*** Begin section ***

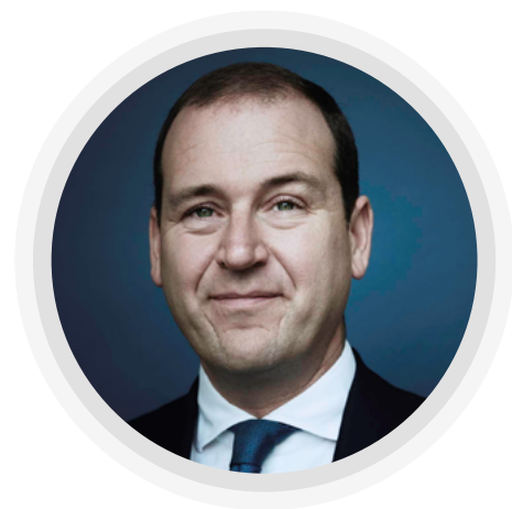
Lodewijk Asscher Special Adviser for Ukraine

Because it touches upon integration and migration, this report is also relevant for the work of Ylva Johansson, European Commissioner for Home Affairs.
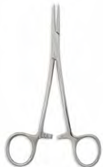
Mosquito, Straight, 5" Qty/Case: 250
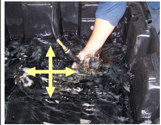
Shake Cooler to release trapped air
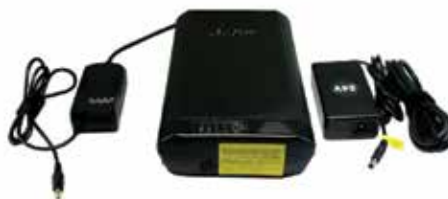
High-performance lithium ion battery with power supply
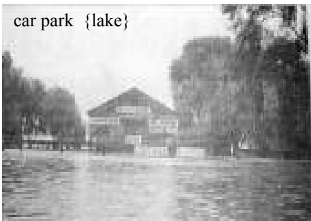
car park {lake}

Although threatening, the weather was kind for the Wollongong Veteran car club's day out. The club enjoyed a picnic lunch at the historic Jindyandy Mill.
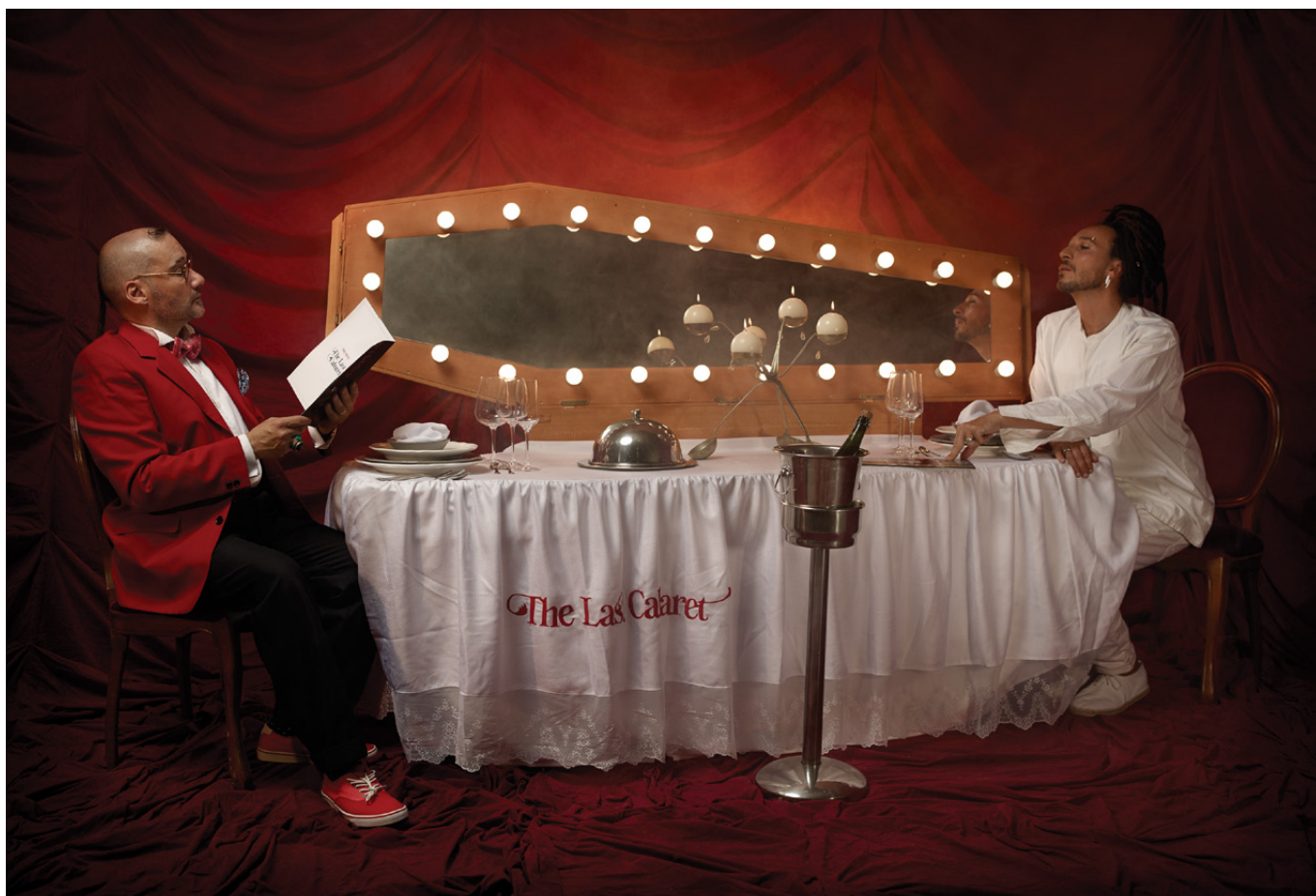
N.10 BANQUET COFFIN - The banquet of life. To eat or not to eat. To be or not to be.
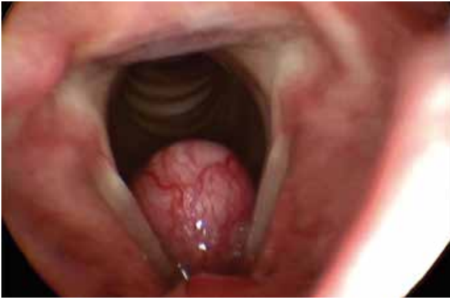
FIG. 1. On endoscopic examination, a round, well-demarcated lesion was noted midline at the level of the subglottis. The lesion was covered by dilated vessels.
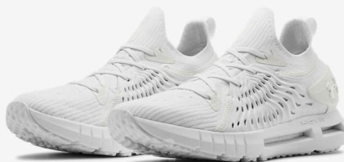
3022600-101 UA W HOVR Phantom RN-WHT RRP £120/ Village £83,99
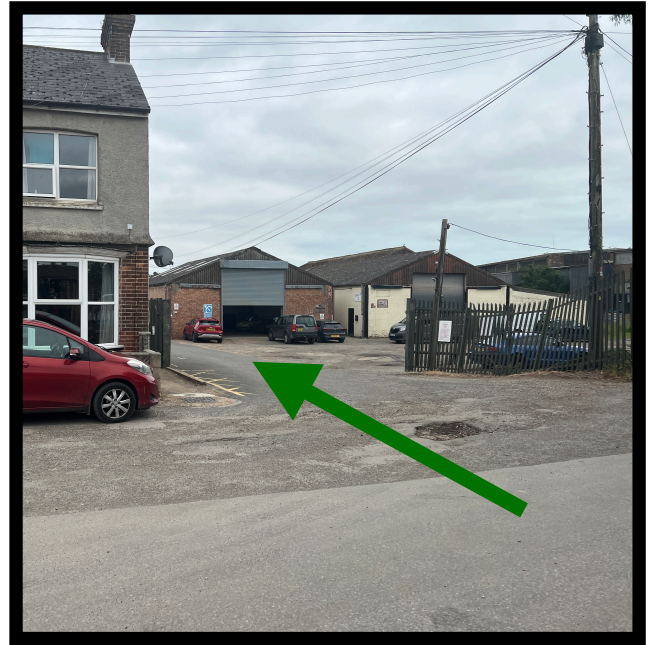
Pic B - Turn left after the terrace of houses
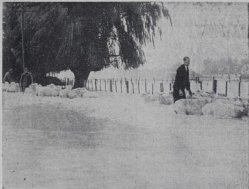
Man in this flood had to wade for three days while battling the way along the road between Hawke's Bay and Napier. This area was trapped of the stockmen necessary everywhere as the water rose.
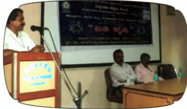
Training Programme on "Crab Farming" by EEC Mangalore on 11-01-2011
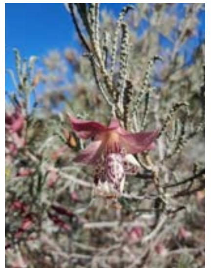
Eremophila mirabilis
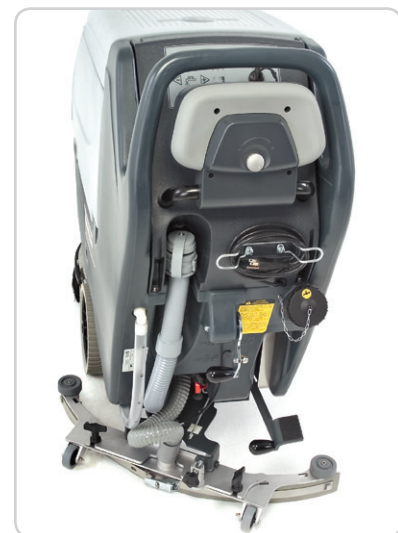
Easy access rear-port features include the solution tank fill, a large recovery drain hose with pinch-flow regulation, and the solution drain hose which also functions as a solution level indicator.
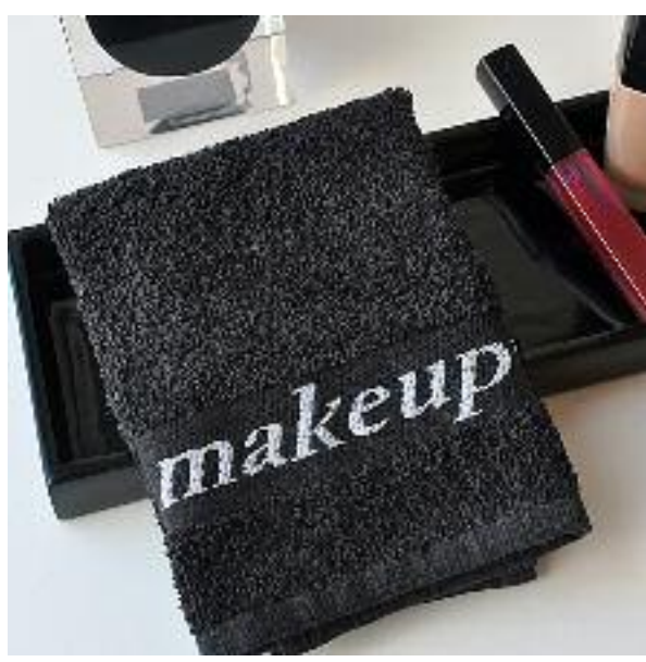
When outfitting a cabin or second home, order slippers, embroidered robes and towels – black makeup towels are great. For a lovely guest experience at home, even and especially if you are using a sofa bed or child's room converted for the night, consider investing in a few designer robes with a simple monogram or "guest."
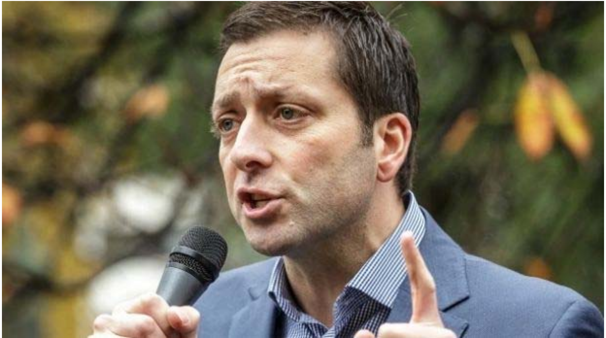
Matthew Guy is leading Daniel Andrews 51 to 49 per cent as preferred premier.
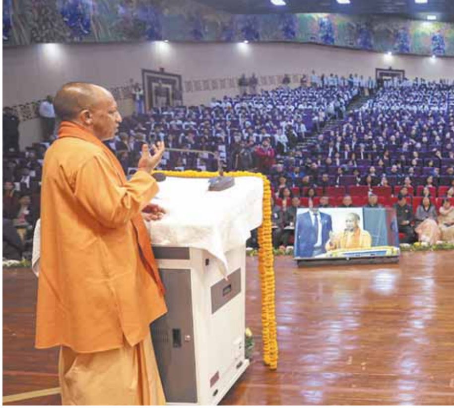
Uttar Pradesh Chief Minister Yogi Adityanath addresses the 120th Foundation Day programme of King George's Medical University in Lucknow on Saturday

Addressing the gathering, he highlighted the institution's progress, noting that KGMU started in 1905 with a contribution of Rs 10,75,800 and has since evolved into the largest medical institution in the country, spanning over 100 acres and introducing new services. Reflecting on KGMU's contribution during the COVID-19 pandemic, the CM highlighted how it worked swiftly and effectively, following the guidance of Prime Minister Narendra Modi and the state government, in contrast to another medical college where doctors were suspended after being found to be negative during quarantine. He also honoured 67 meritorious students, to whom he presented medals and certificates for their achievements. The chief minister said that the government has given every-
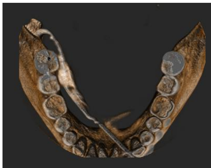
Fig. 2: 3D image of the CBCT guided sialography of right submandibular gland. The needle of the cannula and the Wharton's duct are clearly visualized in the floor of the mouth. The sialolith can be appreciated in the posteromedial aspect of the mandible
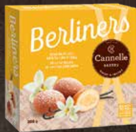
MINI BERLINERS WITH VANILLA FILLING
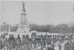
QUEEN MARY'S LAST JOURNEY —The funeral procession of Queen Mary passing the Queen Victoria Memorial outside Buckingham Palace. The coffin was carried to Jersey by a British battleship.
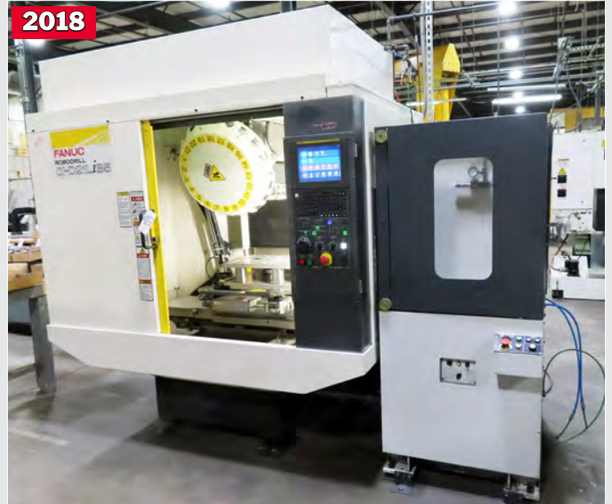
FANUC ROBODRILL ALPHA-D21LiB5 CNC VERTICAL MACHINING CENTER
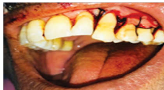
Fig. 4: Flap closure by 3-0, Silk sling suture.
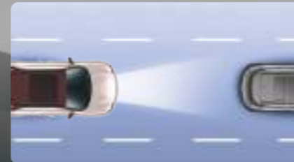
Adaptive Cruise Control with Intelligent Cornering
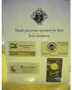
Our Sponsors this Year
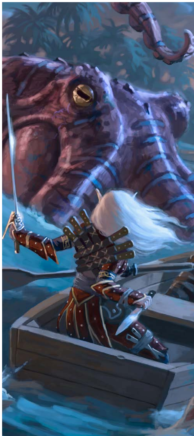
Illustration by Craig J Spearing
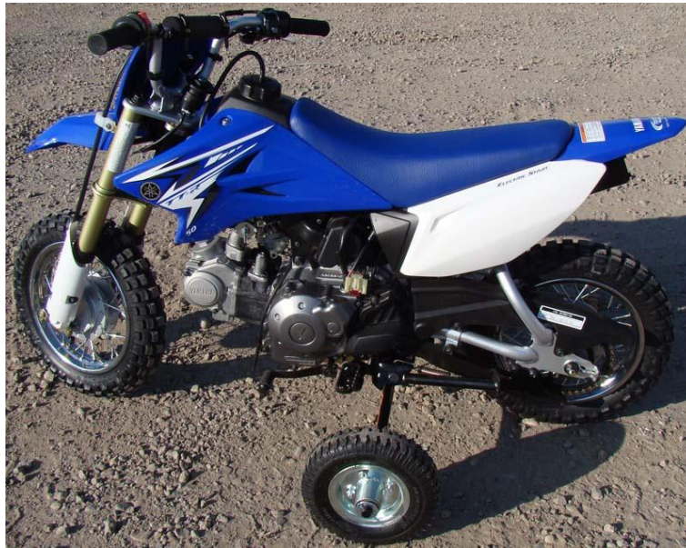
Photo 1 caption: Recalled training wheels mounted on a Yamaha TT-R50
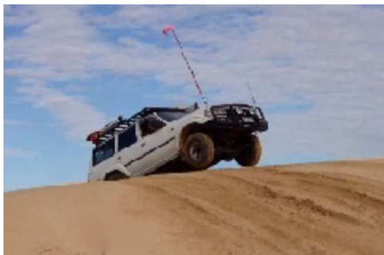
Is that some air we see?
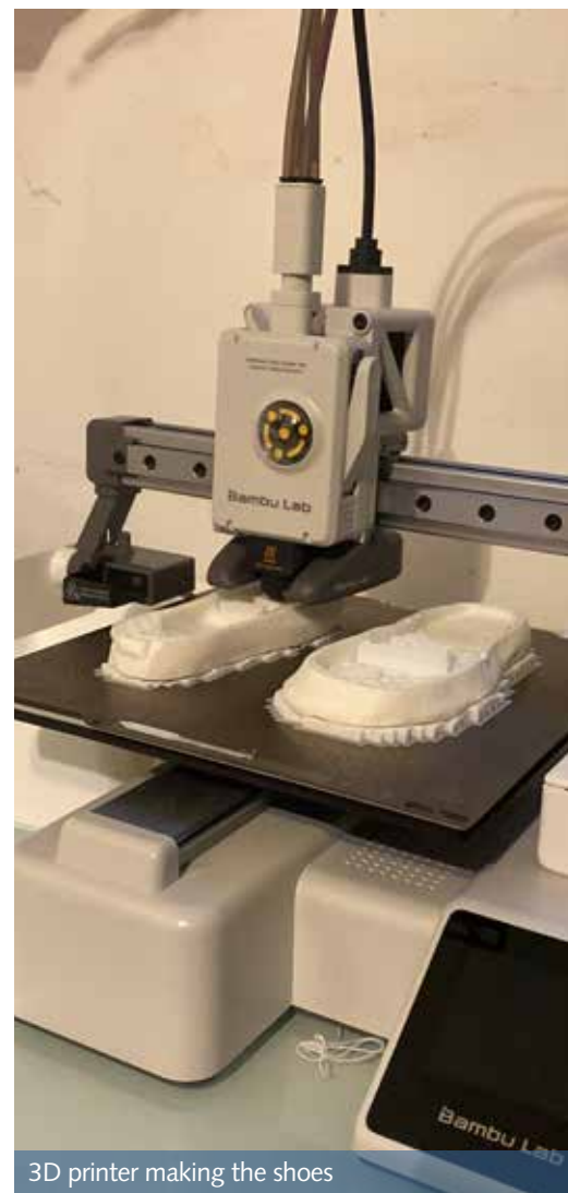
3D printer making the shoes
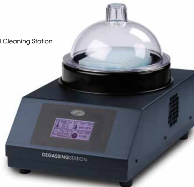
Cell Cleaning Station
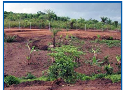
Fencing with barbwire on top.
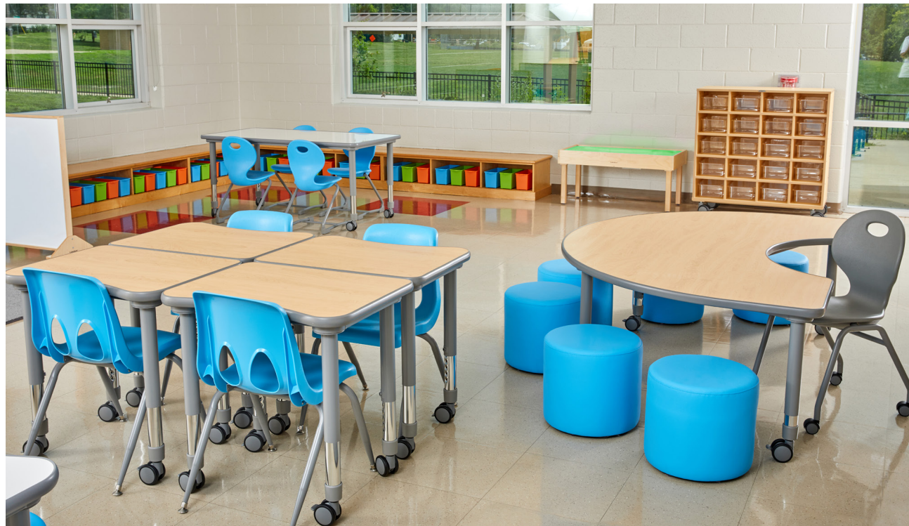
Mobile Student Desks • Mobile Group Table
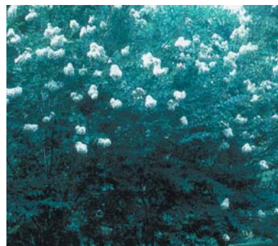
Lagerstroemia indica 'Natchez' ◆ Service courts

*** End section ***

> **What is being asked**
Word for word, restate the lines from the line with "FANUC ROBODRILL ALPHA-D21LiB5" through the last line of the entries, and nothing beyond them. Omit pictures.

> **Result**
FANUC ROBODRILL ALPHA-D21LiB5 CNC VERTICAL MACHINING CENTER
Fig. 4: Flap closure by 3-0, Silk sling suture.
Adaptive Cruise Control with Intelligent Cornering
Our Sponsors this Year
Illustration by Craig J Spearing
Photo 1 caption: Recalled training wheels mounted on a Yamaha TT-R50
Is that some air we see?
3D printer making the shoes
Cell Cleaning Station
Fencing with barbwire on top.
Mobile Student Desks • Mobile Group Table
Lagerstroemia indica 'Natchez' ◆ Service courts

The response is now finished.